Women Trail Blazers

March 8, 2022


Linda was a rare bird. Not only was she the only other female candidate at my first-all candidates meeting, but she was also the rarest of creatures, a female incumbent. In 164 years, only six women had ever served on city council in the community, and she was one of them.

In 1917, social activist and suffragette Hannah “Annie” Gale became Canada’s first-ever female municipal councillor when she was elected in the City of Calgary. To give you a sense of the times, Hannah had passed the entrance exam for Oxford at a time when women were still not able to graduate from the university.

Elizabeth Mowat was the first woman elected to city council in my community in the late 1940s. As runner-up in a municipal election, she was appointed mid-term after a councillor resigned to apply for the job of city solicitor. I have read that successful women often suffer from “imposter syndrome” – they don’t feel they deserve their success, or that it perhaps came by accident. It isn’t surprising that we can feel this way. After all, Western culture has been instilling such doubts for thousands of years. It’s likely Elizabeth felt that way when she lost her seat in the next election, though I can imagine the sigh of relief that echoed across the Eramosa River valley when male social order was once more restored to the land.

About ten years later, Elva Lovell was elected to council. Given this was still an era when society held a dim view of women working outside of the home, it was remarkable that she served for over a decade. Another woman would not be elected for almost twenty years. That is an absurdly long time.

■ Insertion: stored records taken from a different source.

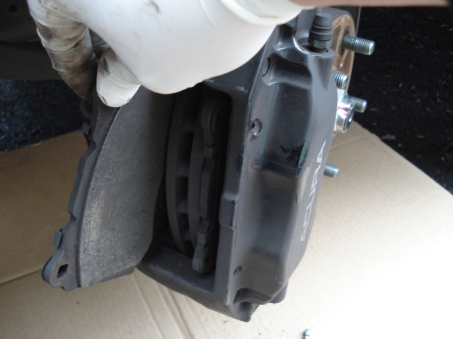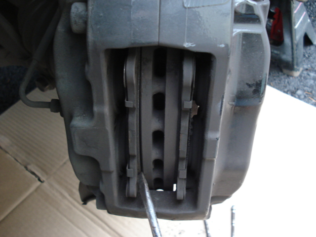 Once they old pads are removed, you will need to push the brake pistons back into the caliper until they are flush, otherwise the new pads (since they are thicker) will not fit into the caliper. You can use a pry bar or long flat head screw driver and gently push on the edge of the pistons. You may need to hold the other pistons by hand so they do not come back out when you push on the remaining ones. Once the pistons are pushed into the caliper, take note of the new pads as there is an inner and and outer pad. The outer pad has the squeel tab on it to warn you when the pad needs replacement. |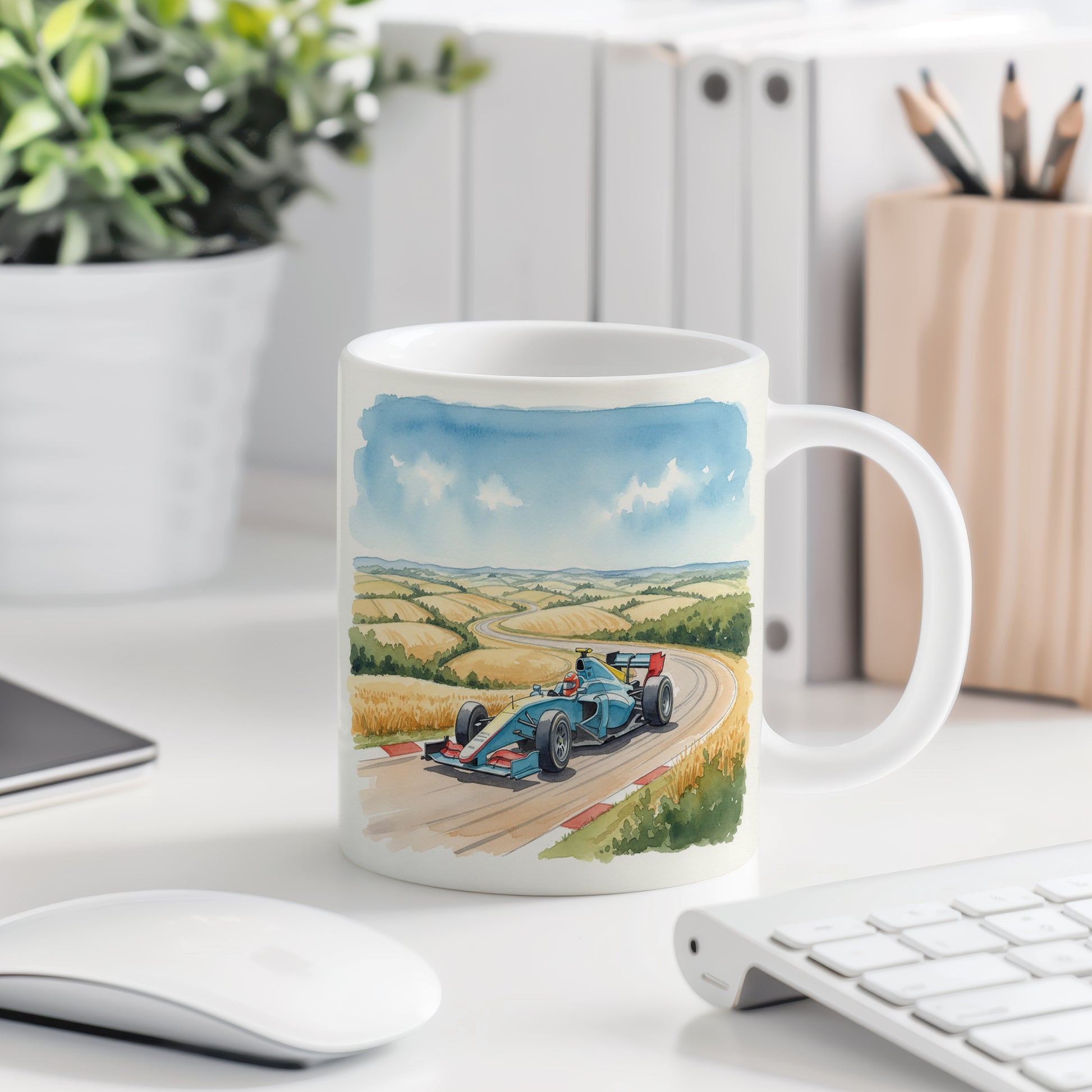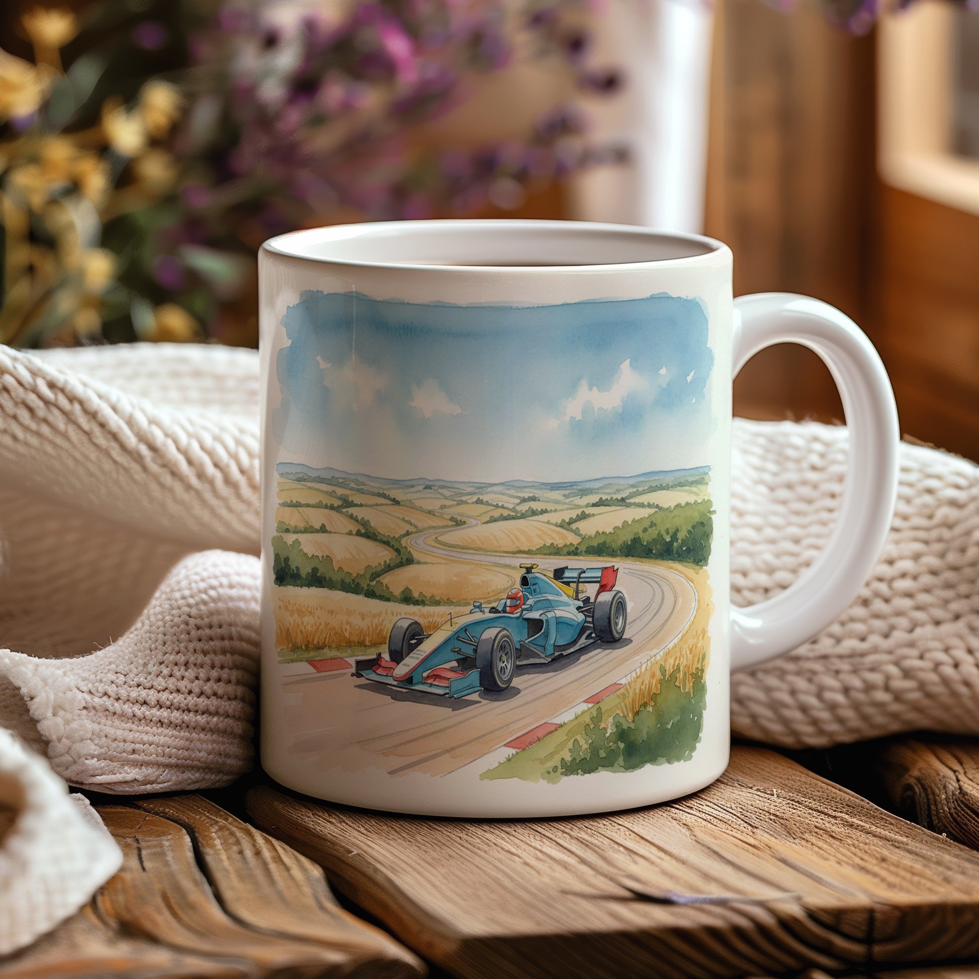 Užijte si rychlost a volnost s hrnkem, na kterém je akvarelově zachycena formule projíždějící malebnou venkovskou krajinou. Hrnek 330 ml – vhodný do myčky i mikrovlnky.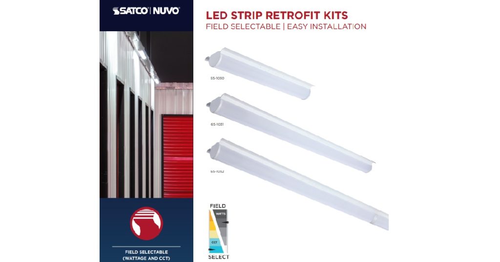 Installation for Satco’s LED Strip Retrofit Kits is fast and efficient, there’s no need to remove the lens, reducing labor time and lowering installation costs. Delivering uniform light, long life, and energy-efficient performance, these retrofit kits are ideal for warehouses, workshops, and a range of commercial and industrial spaces.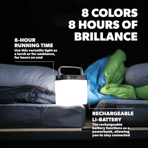 At 400 lumens, this reliable companion ensures you're never left in the dark. It's water and dust resistant and durable, enduring the rigors of outdoor life. Plus, enjoy up to 8 hours of continuous use at its brightest setting, providing lasting illumination throughout your journey. But the GLO-A400 Area Light offers more than just bright white light, with customizable red, green, or blue hues, ideal for making a statement at festivals or setting up camp. The amber glow serves a practical purpose, not attracting insects, and creating a bug-free environment for you to enjoy. Embrace a dynamic lighting experience that adapts to your every move. The GLO-A400 Area Light is your dependable companion, ensuring your outdoor moments are beautifully illuminated and uniquely tailored to your preferences. It's time to discover a new level of outdoor lighting versatility.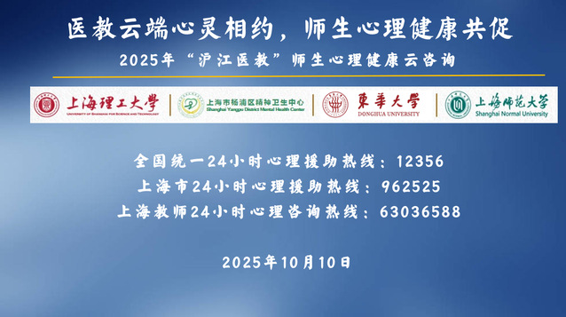 10月10日,在第34个世界精神卫生日来临之际,学校联合杨浦区精神卫生中心、东华大学、上海师范大学共同开展2025年“沪江医教”师生心理云咨询活动。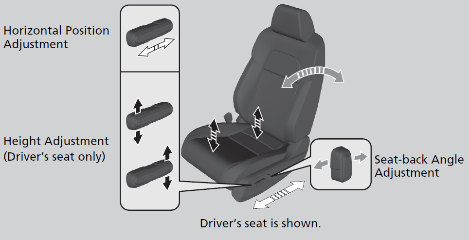 Adjust the driver’s seat-back to a comfortable, upright position, leaving ample space between your chest and the airbag cover in the center of the steering wheel.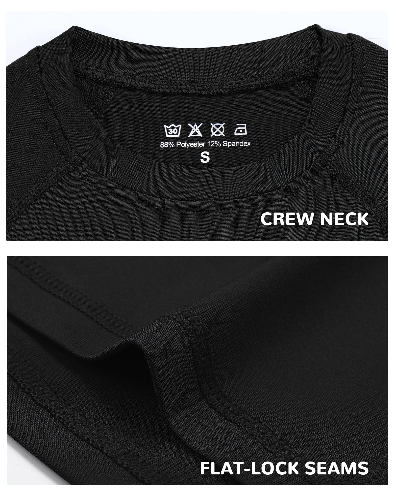 Minimalist Comfort: Meticulously designed, our boys' compression shirt integrates a rounded neckline and flat seam technology. The gentle curve of the neckline offers a soft touch, while the flat seams eliminate any discomfort, ensuring a perfect fit.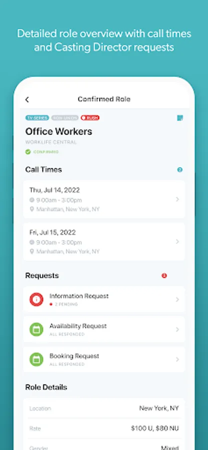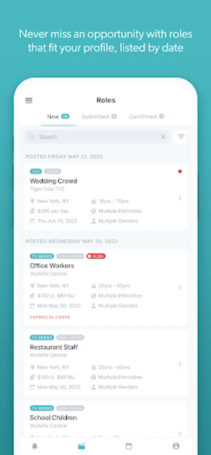 Submit directly for Background roles, accept and view upcoming bookings and manage your calendar.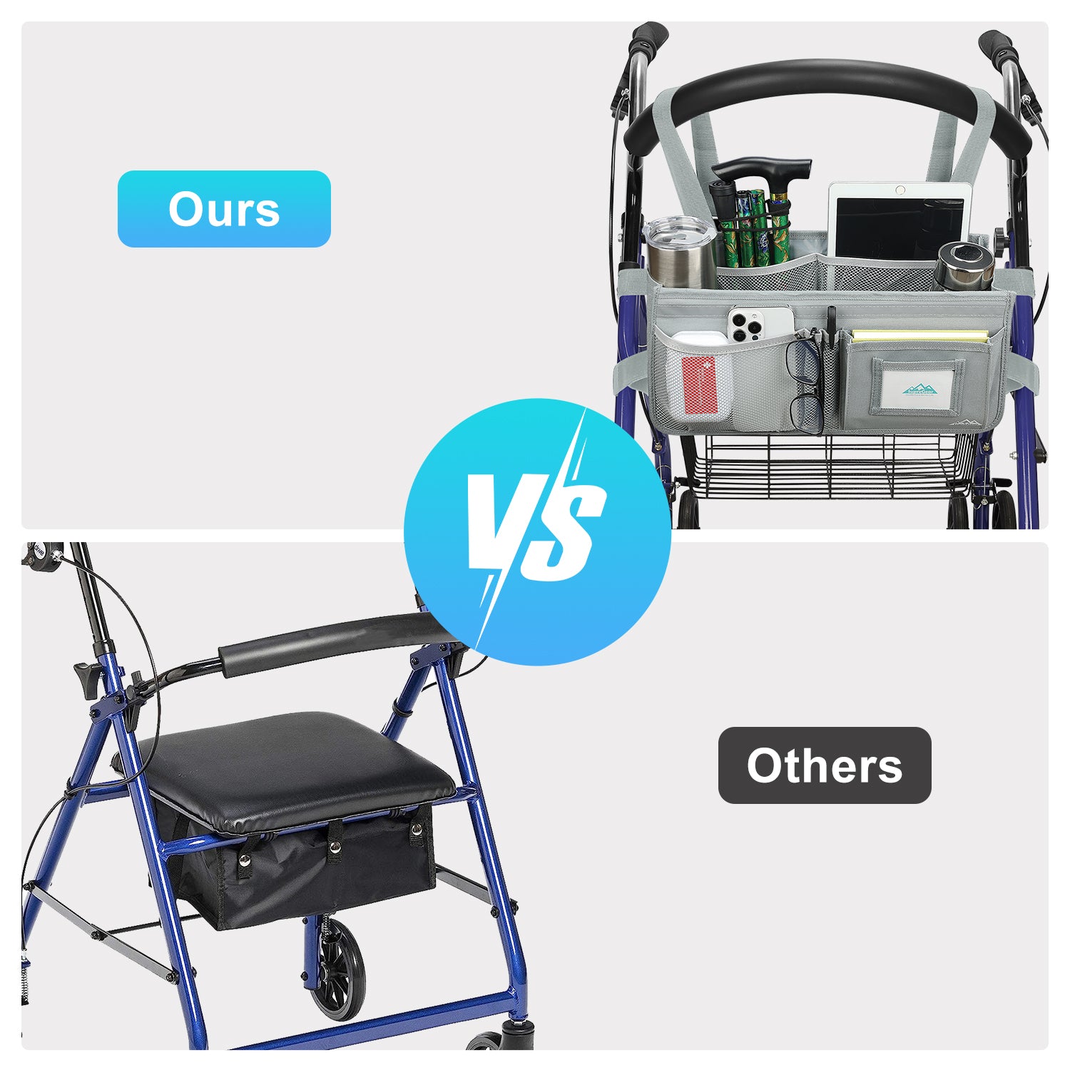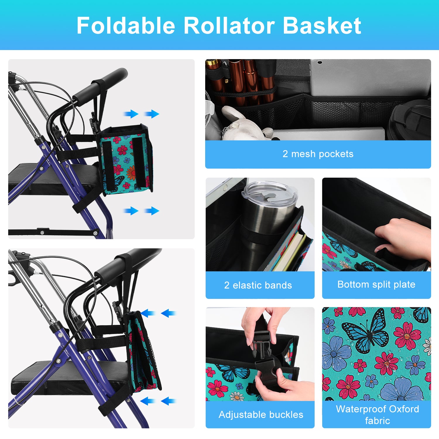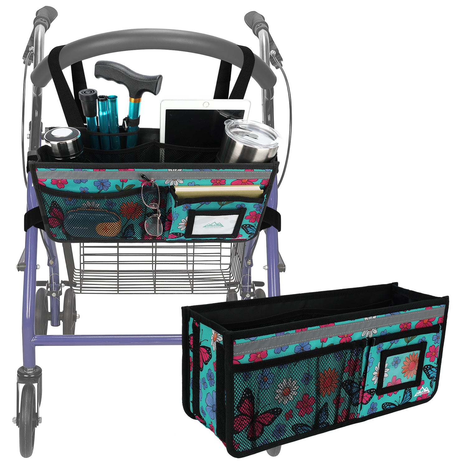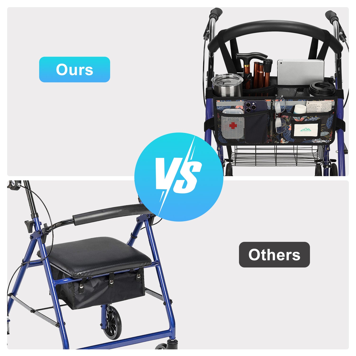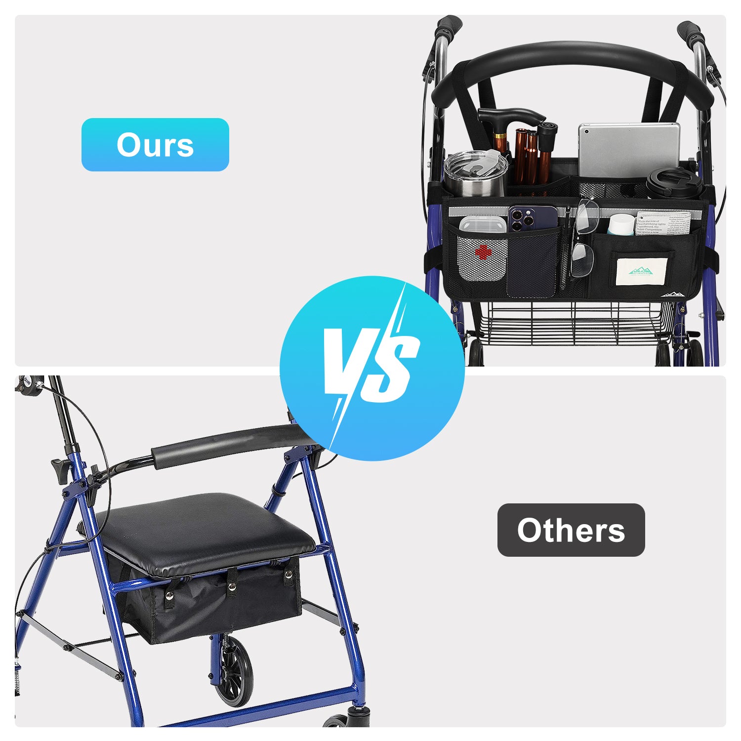 - The SupreGear basket for rolling walkers has ample storage space with its 3 insulated mesh pockets, 1 roomy pocket featuring a card holder, 2 pen pockets, and a large inner pocket for quick and easy storage of your phone, glasses, snacks, wallet, books, clothes, and other important items; equipped with 2 elastic bands to secure your water cup or bottles and prevent them from turning over, making it a versatile and practical solution for carrying all of your essentials

The first wave of the women’s movement focused on removing the key barriers to gender equality. You know, the small things, like securing the right for women to vote. Women's suffrage in Canada during the early 1900s had bushwhacked an essential path for Elizabeth and Elva to follow.

The second wave of the women’s movement was well underway by the 1970s. Its aim was to change the deeply entrenched social and cultural inequalities that were still a barrier to women’s full participation in society. A turning point in my community’s feminist history came when a spirited group of women formed a civic affairs committee through their local chapter of the Canadian Federation of University Women. What a gloriously radical act it was to stand in defiance of a culture designed to silence women, a culture that did not take them seriously in civic affairs and excluded them from positions of power. The Royal Commission on the Status of Women was hot of the press and provided an action plan for civil society to act. And they did. The group helped elect several women to council, including Margaret MacKinnon in 1973 and Ann Godfrey in 1975, both of whom served for more than a decade. Even so, by 1990 only three other women had joined their illustrious ranks: Clara Marett, Linda Lennon, and Elizabeth Stone.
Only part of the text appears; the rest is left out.